**WHAT TO WORK ON**
Write back every entry exactly as it reads, with the pictures left behind.

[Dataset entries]
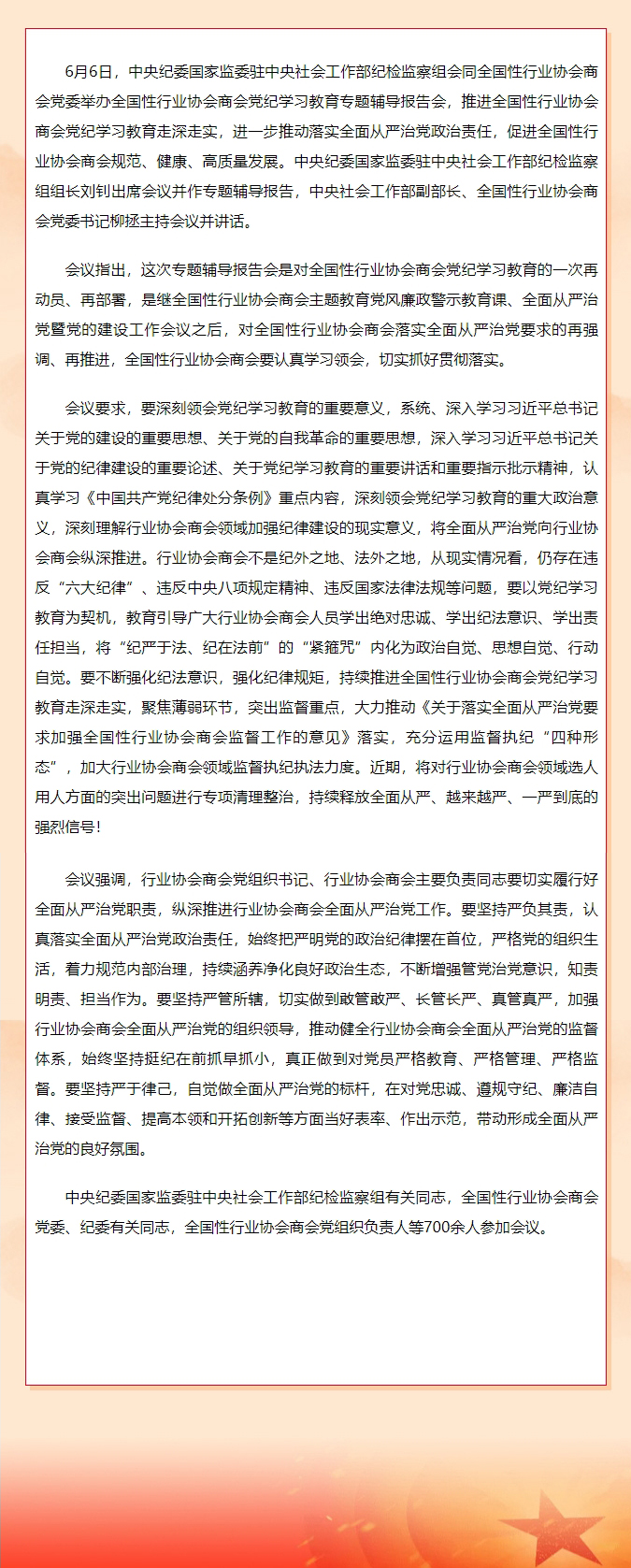 | 中央纪委国家监委驻中央社会工作部 纪检监察组、全国性行业协会商会党委举办 全国性行业协会商会党纪学习教育专题辅导报告会 |
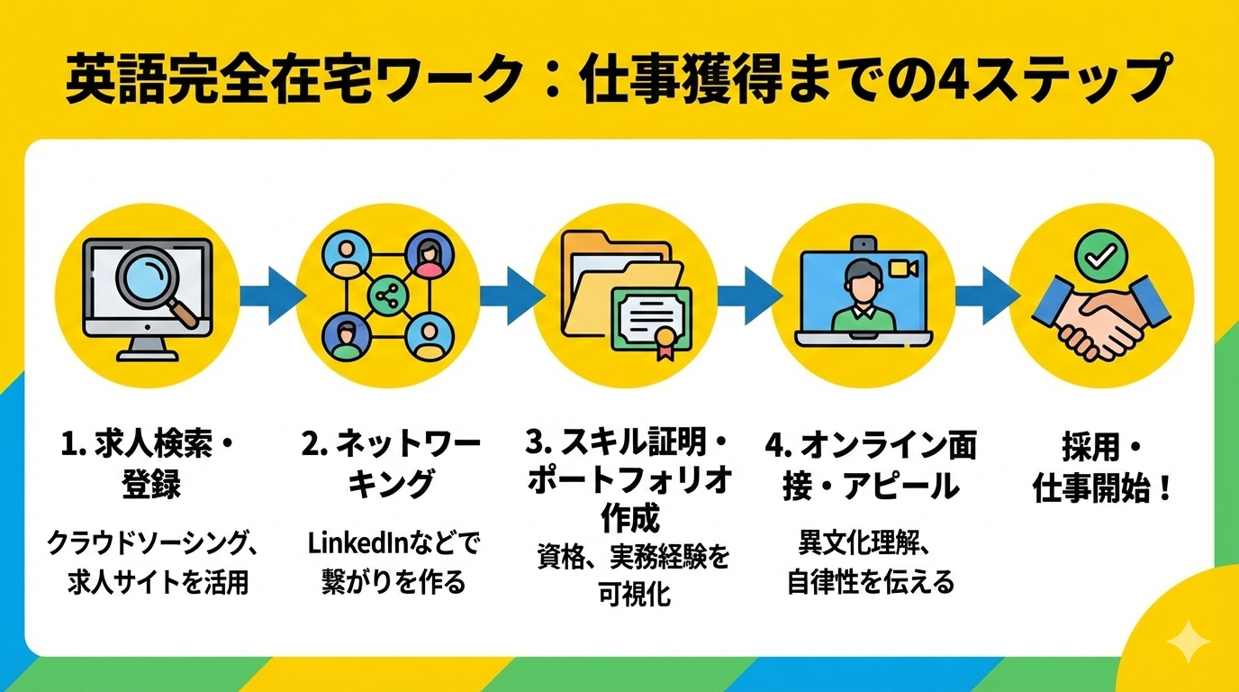 魅力的な英語の完全在宅ワークですが、その分競争率も高く、希望する案件を獲得するためには戦略的なアプローチが必要です。ここでは、効果的な仕事の探し方と、採用担当者の目に留まるための具体的なコツについて解説します。
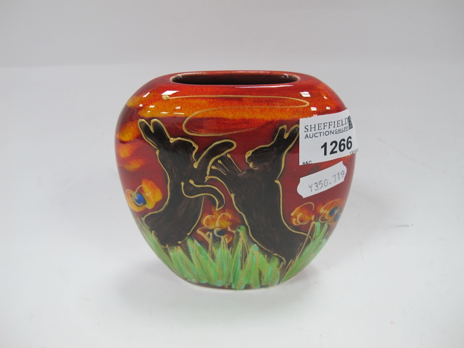 Anita Harris 'Boxing Hares' Delta Vase, gold signed, 12cm high.
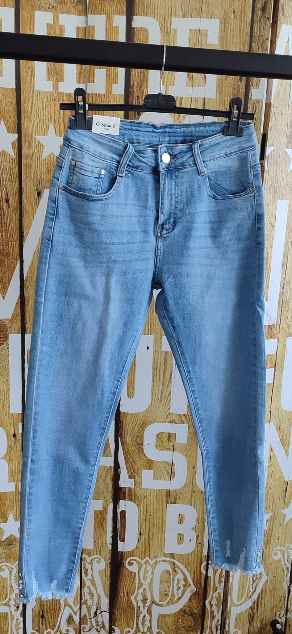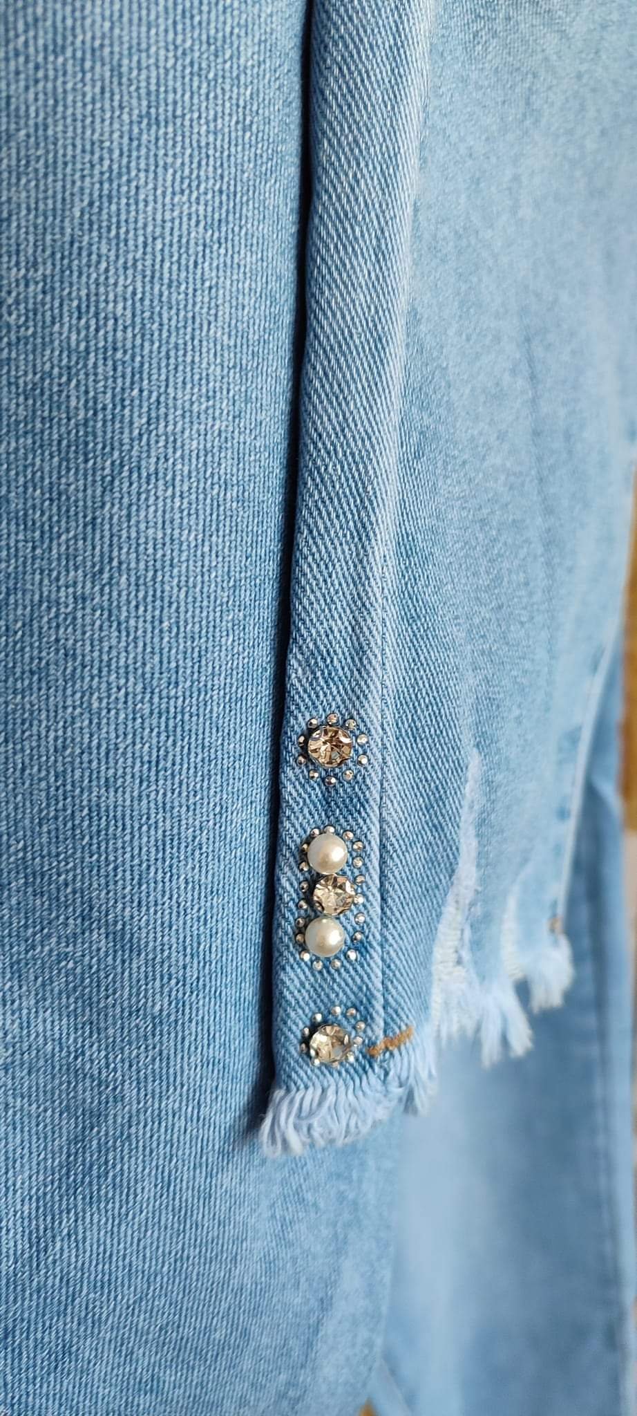 Jeans bleu avec perles et strass
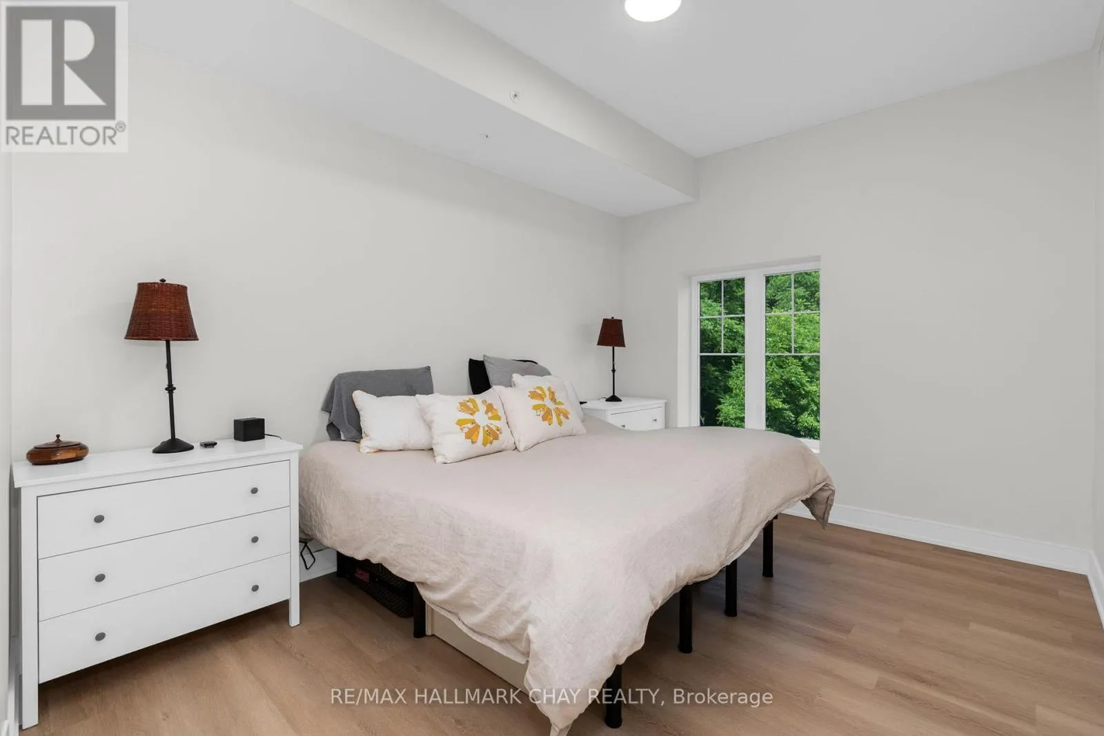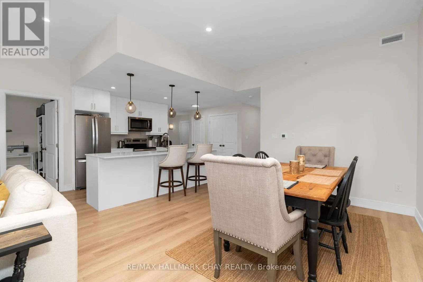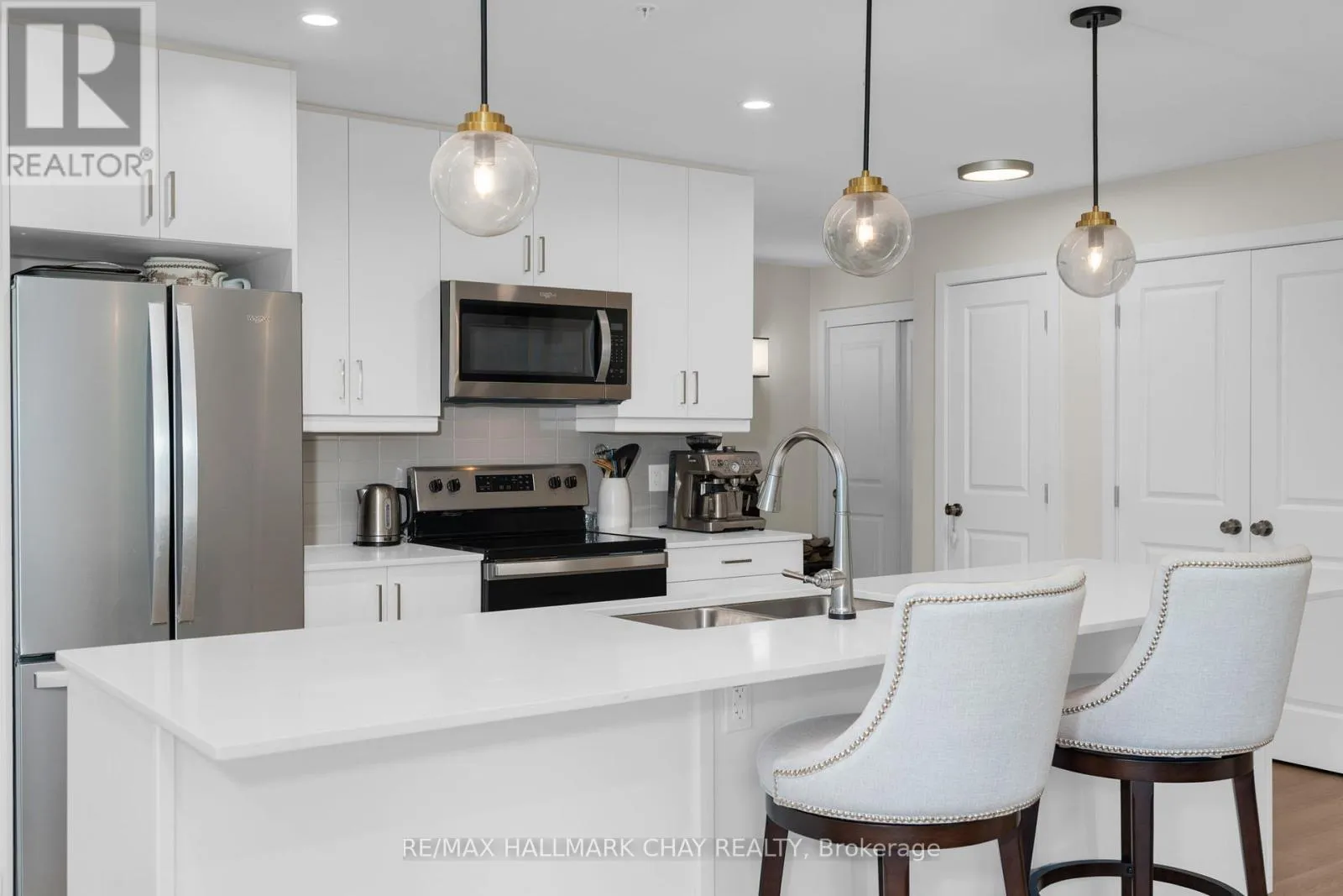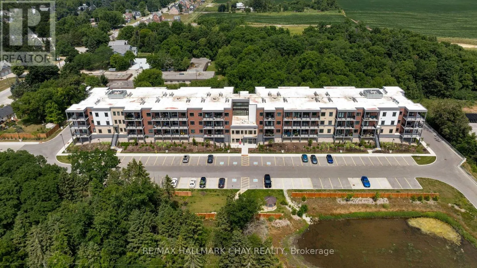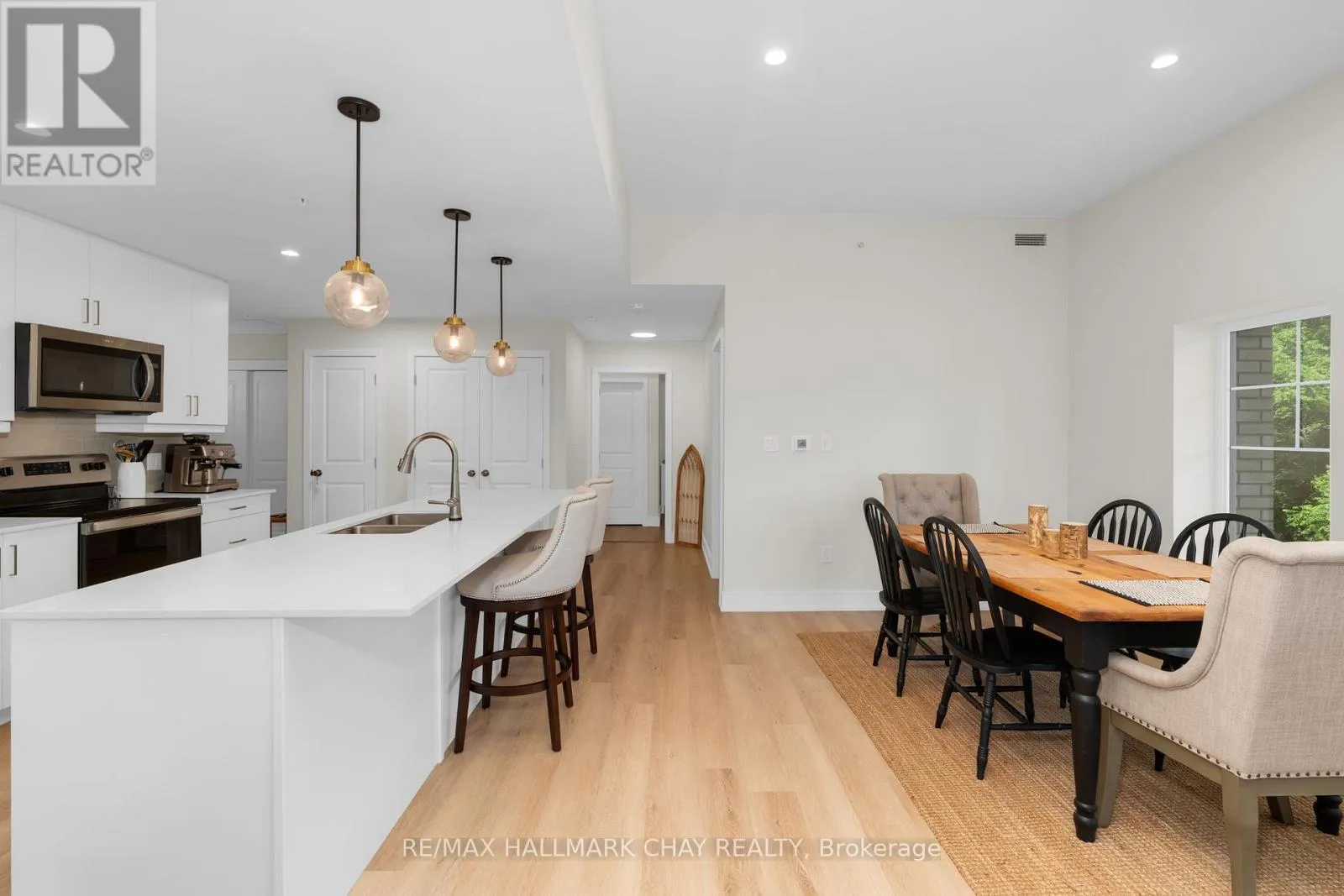 Cross Streets: Mary Street & Edward Street. ** Directions: South on Mary Street. Enjoy the ease of condo living in the heart of Creemore, a vibrant four-season village known for its charm, trails, golf, and ski hills. This premium 3-bed, 2-bath corner unit at The Brix offers nearly 1,400 sq ft, one of the largest floor plans in the building, complete with an oversized nearly 300 sq ft wrap around private balcony overlooking a peaceful forest backdrop. Bright and beautifully designed with large windows, this suite features luxury vinyl plank flooring, a chef-inspired kitchen with an oversized eat-in island, and an open-concept layout ideal for entertaining. The primary bedroom includes a walk-in closet and private ensuite, while a second full bathroom offers semi-ensuite access for guests or family. Two owned parking spaces are included, along with access to modern amenities such as a gym and a stylish party space for gatherings. Whether you're looking to downsize in style or enjoy a weekend retreat, this move-in ready suite offers the perfect blend of space, comfort, and low-maintenance living in one of Ontarios most desirable small towns. (id:27476)

**YOUR RESPONSE**
 | 中央纪委国家监委驻中央社会工作部 纪检监察组、全国性行业协会商会党委举办 全国性行业协会商会党纪学习教育专题辅导报告会 |
 魅力的な英語の完全在宅ワークですが、その分競争率も高く、希望する案件を獲得するためには戦略的なアプローチが必要です。ここでは、効果的な仕事の探し方と、採用担当者の目に留まるための具体的なコツについて解説します。
 Anita Harris 'Boxing Hares' Delta Vase, gold signed, 12cm high.
 Jeans bleu avec perles et strass
 Cross Streets: Mary Street & Edward Street. ** Directions: South on Mary Street. Enjoy the ease of condo living in the heart of Creemore, a vibrant four-season village known for its charm, trails, golf, and ski hills. This premium 3-bed, 2-bath corner unit at The Brix offers nearly 1,400 sq ft, one of the largest floor plans in the building, complete with an oversized nearly 300 sq ft wrap around private balcony overlooking a peaceful forest backdrop. Bright and beautifully designed with large windows, this suite features luxury vinyl plank flooring, a chef-inspired kitchen with an oversized eat-in island, and an open-concept layout ideal for entertaining. The primary bedroom includes a walk-in closet and private ensuite, while a second full bathroom offers semi-ensuite access for guests or family. Two owned parking spaces are included, along with access to modern amenities such as a gym and a stylish party space for gatherings. Whether you're looking to downsize in style or enjoy a weekend retreat, this move-in ready suite offers the perfect blend of space, comfort, and low-maintenance living in one of Ontarios most desirable small towns. (id:27476)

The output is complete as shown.